Records from a data source

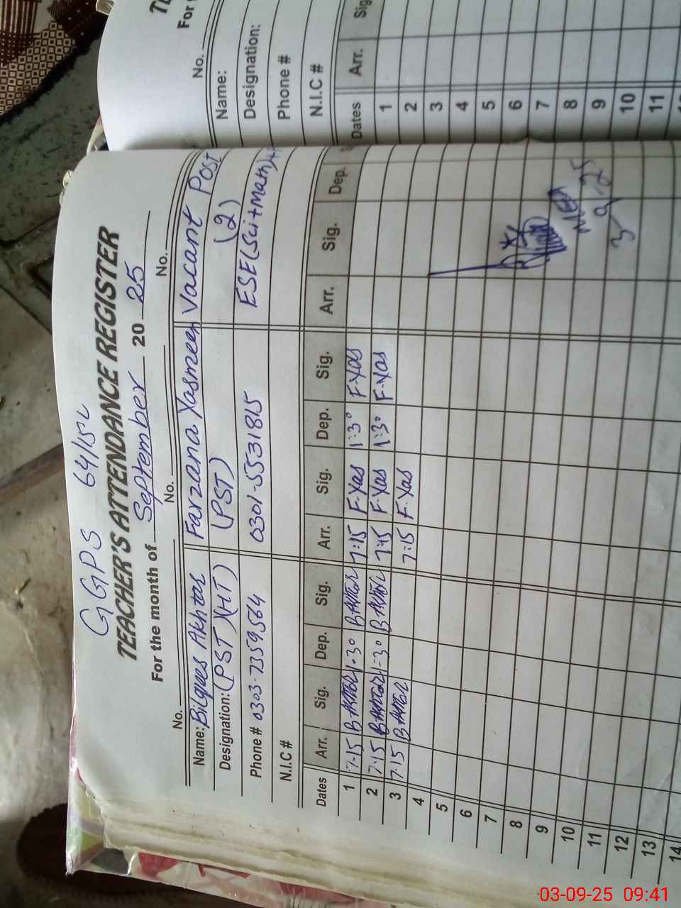 | Name: Bi**** Ak**** Designation: (School Headmaster's/Headmistress's) PST Phone/Cell Number: 03**** |
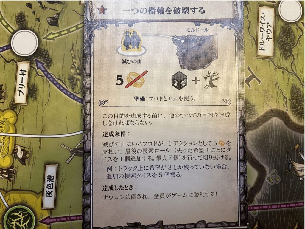 本作は『指輪物語』の世界観を踏襲しているため、サウロンを打倒するための最終目標である「一つの指輪の破壊」に関する目的カードは必ず採用されます。これに加えて、他の目的カードを選択し、ゲームのシナリオを構築していきます。
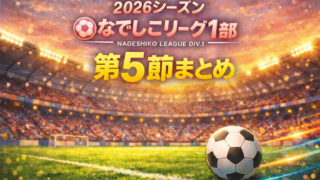 節別まとめ 【第5節まとめ】静岡SSUボニータが首位堅持、伊賀FCくノ一三重は劇的初勝利 オルカ鴨川FCは痛恨ドロー|2026プレナスなでしこリーグ1部 2026プレナスなでしこリーグ1部第5節を総括。静岡SSUボニータが愛媛FCレディースに4-0で快勝して首位を堅持。伊賀FCくノ一三重の劇的な今季初勝利、オルカ鴨川FCの終盤失点ドロー、日体大SMG横浜の4-1勝利、名古屋と宮崎の引き分けなど全6試合を振り返ります。 2026.04.19 節別まとめ
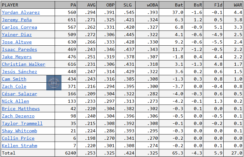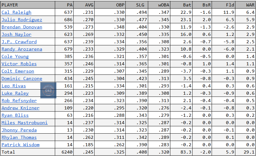 The entry of Donavan into the Mariners lineup also vaults the Mariners past the Astros in projected lineup fWAR.
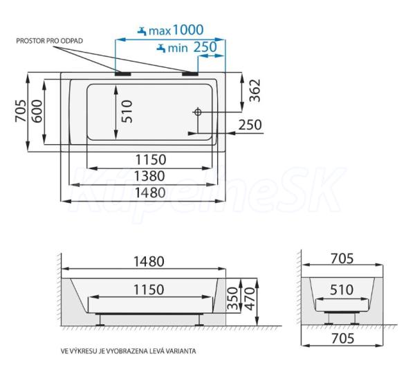 Prevedenie: samonosná voľne stojaca vaňa do rohu
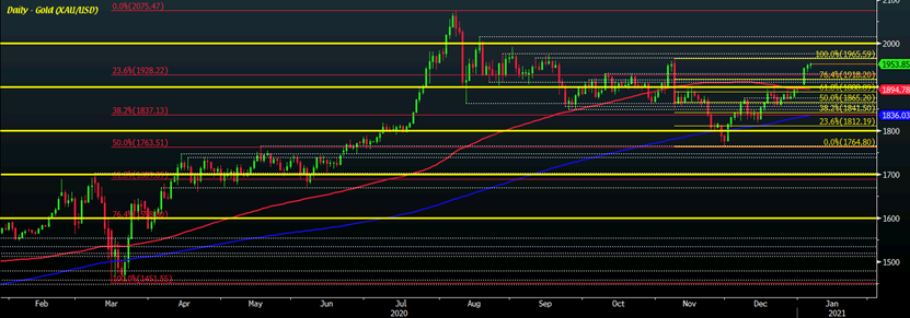 就目前而言,金价在今天早些时候开始交易时小幅下跌后又开始回升。目前金价正升至日高1940-1956美元附近,因多头继续瞄准11月初1960-1965美元的高位。
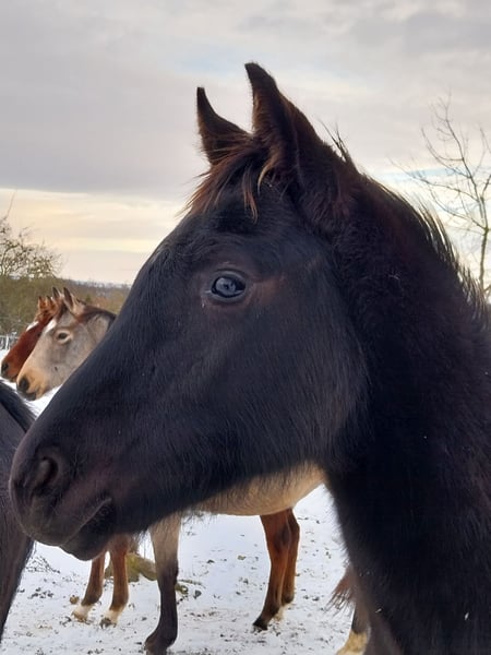 Nous vendons un très élégant poulain noir, fils du hongre Trakehner Ivanhoe (Élevage Hörem). D'une beauté typique incroyable et doté de très bonnes allures fondamentales, il est certainement intéressant pour les éleveurs de hongres. Nos juments d'élevage se distinguent toutes par un caractère très amical et désireux d'apprendre, ce qui nous permet d'attendre la même chose de leur descendance. La taille finale attendue est d'environ 170 cm. Il grandit dans un troupeau mixte avec deux autres poulains. Nos chevaux passent l'été dans de grands pâturages et, même en hiver, ils vivent à l'extérieur dans un abri ouvert avec un enclos d'environ 1 hectare. Une prise en charge serait possible, si souhaité. Nous élevons des chevaux de selle depuis 15 ans et avons ainsi une longue expérience en matière d'élevage et de soins. Une rencontre est possible à tout moment sur rendez-vous. Au printemps 2026, nous aurons également un fils de Freiherr von Stein, âgé de 3 ans, à vendre. Celui-ci est actuellement en élevage avec un autre hongre. Si vous êtes intéressé, je peux vous fournir plus d'informations.
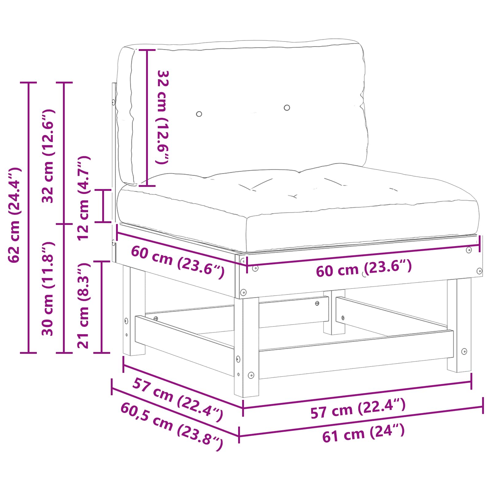 - 1 x Perna de șezut:60 x 60 x 12 cm(L x l x î)
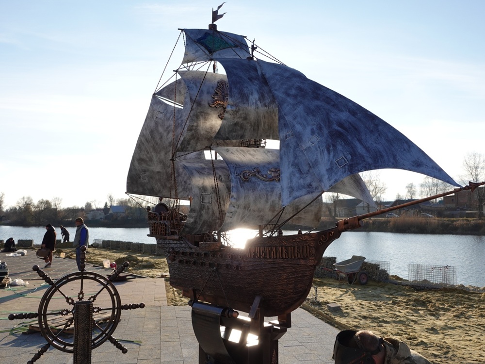 Скульптурная композиция «Хрустальный корабль» посвящена богатой истории стекольного производства в Никольском крае, начало которому было положено указом Екатерины II в 1764 году. Символично, что именно в этот период Российский императорский флот стал одним из самых мощных в мире.
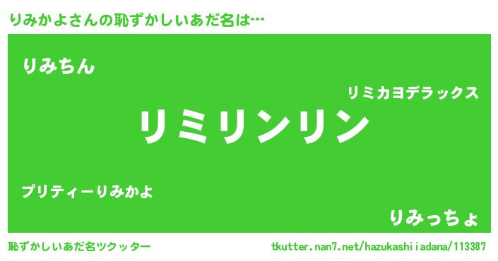 | ヘコむあだ名 | 『りみぷりん』『りみかよ(震え声)』 |
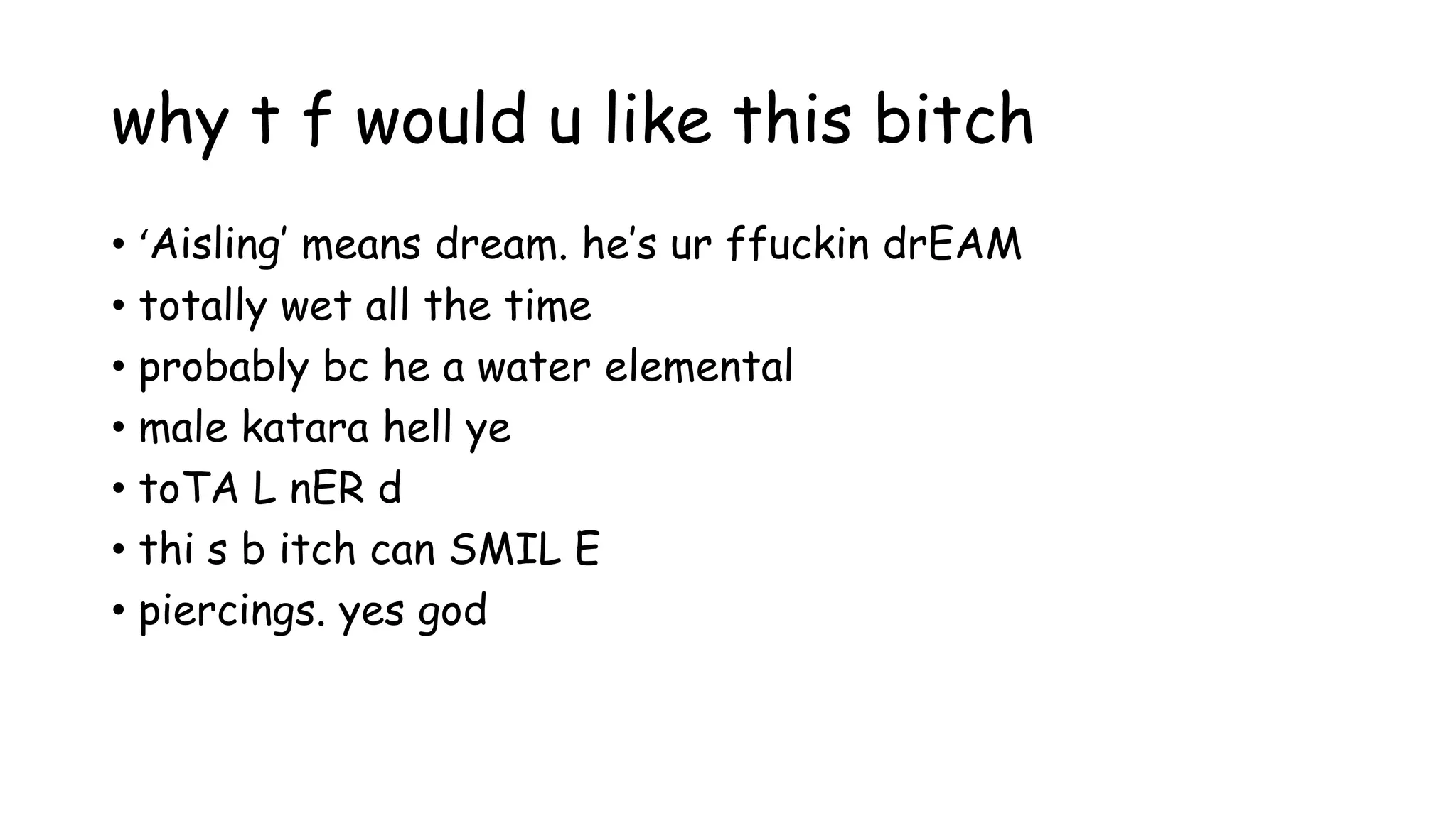 This document provides a summary of an original character named Brett Aisling. It describes him as a water elemental who is always wet and has piercings. His parents died at sea when he was 16, interrupting his surfing career. He has relationships with characters named Hayden Guerritore and Noel Flucht. Fun facts mentioned are that he is 5'9", likes Italian sausages but not sushi, has a large fish tank, and a dog named Ailene.
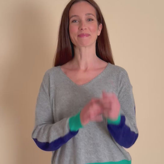 Un pull color-block élégant et original qui apporte une touche de modernité à vos looks. Sa base grise douce est relevée par un dos bleu intense et des finitions vert émeraude contrastantes. Confortable et léger, il se porte facilement au quotidien pour donner du caractère à vos tenues.
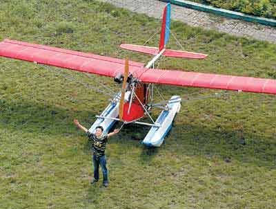 昨日上午9點,彭聰和4名“機務(wù)成員”開始組裝水上飛機。記者看到,整個飛機由鋁制管件制成,前翼為紅色的航空帆布,后翼由紅、黃相間的航空帆布組成。飛機的升降舵、垂直和水平安定面、測速表、高度表一應(yīng)俱全。
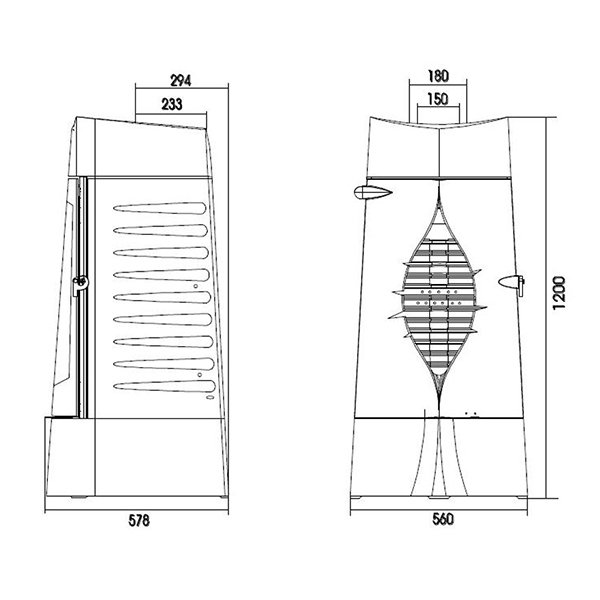 высота: 1200 мм, ширина: 560 мм, глубина: 578 мм.
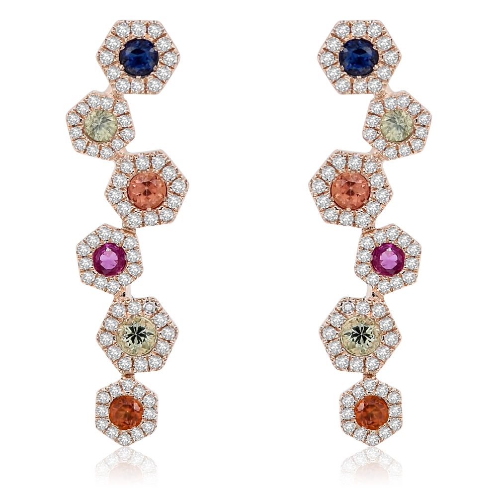 1.17CT DIAMOND & MULTI COLOR SAPPHIRE 14KT ROSE GOLD MULTI HEXAGON EARRINGS
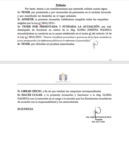 La abogada Peralta Merlo argumenta que esta medida viola el principio “iuria novit curiae”, que obliga a los jueces a conocer y respetar el texto constitucional. La imposición de una censura previa por parte de la magistrada, según la acusación, constituye una causal de remoción de su cargo.
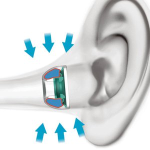 外圧によって変化するエアータンクは耳の形に沿うように高いフィット感を提供。コア部分も芯を最小限とすることで装着に伴う痛みに配慮する。素材はリキッドシリコンを使用し、肌に優しい装着感を提供する。
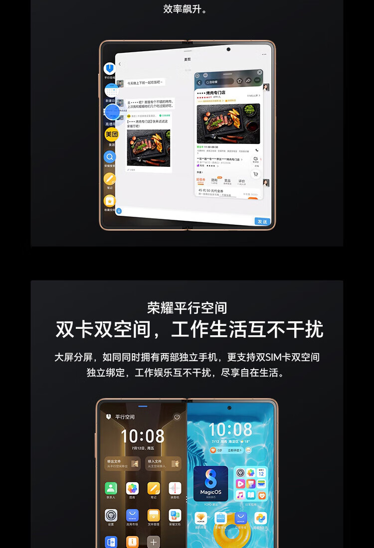 荣耀(HONOR)Magic V5【24期免息】新品折叠屏手机荣耀8.8mm轻薄长续航青海湖刀片电池5G手机AI新品2025上市 丝路敦煌 16G+1TB全网通 免息版本12期

### Exercise objective
Omitting all pictures, retype exactly the lines from the line containing "1.17CT DIAMOND &" down to the last line above, both ends included.

### Answer below
 1.17CT DIAMOND & MULTI COLOR SAPPHIRE 14KT ROSE GOLD MULTI HEXAGON EARRINGS
 La abogada Peralta Merlo argumenta que esta medida viola el principio “iuria novit curiae”, que obliga a los jueces a conocer y respetar el texto constitucional. La imposición de una censura previa por parte de la magistrada, según la acusación, constituye una causal de remoción de su cargo.
 外圧によって変化するエアータンクは耳の形に沿うように高いフィット感を提供。コア部分も芯を最小限とすることで装着に伴う痛みに配慮する。素材はリキッドシリコンを使用し、肌に優しい装着感を提供する。
 荣耀(HONOR)Magic V5【24期免息】新品折叠屏手机荣耀8.8mm轻薄长续航青海湖刀片电池5G手机AI新品2025上市 丝路敦煌 16G+1TB全网通 免息版本12期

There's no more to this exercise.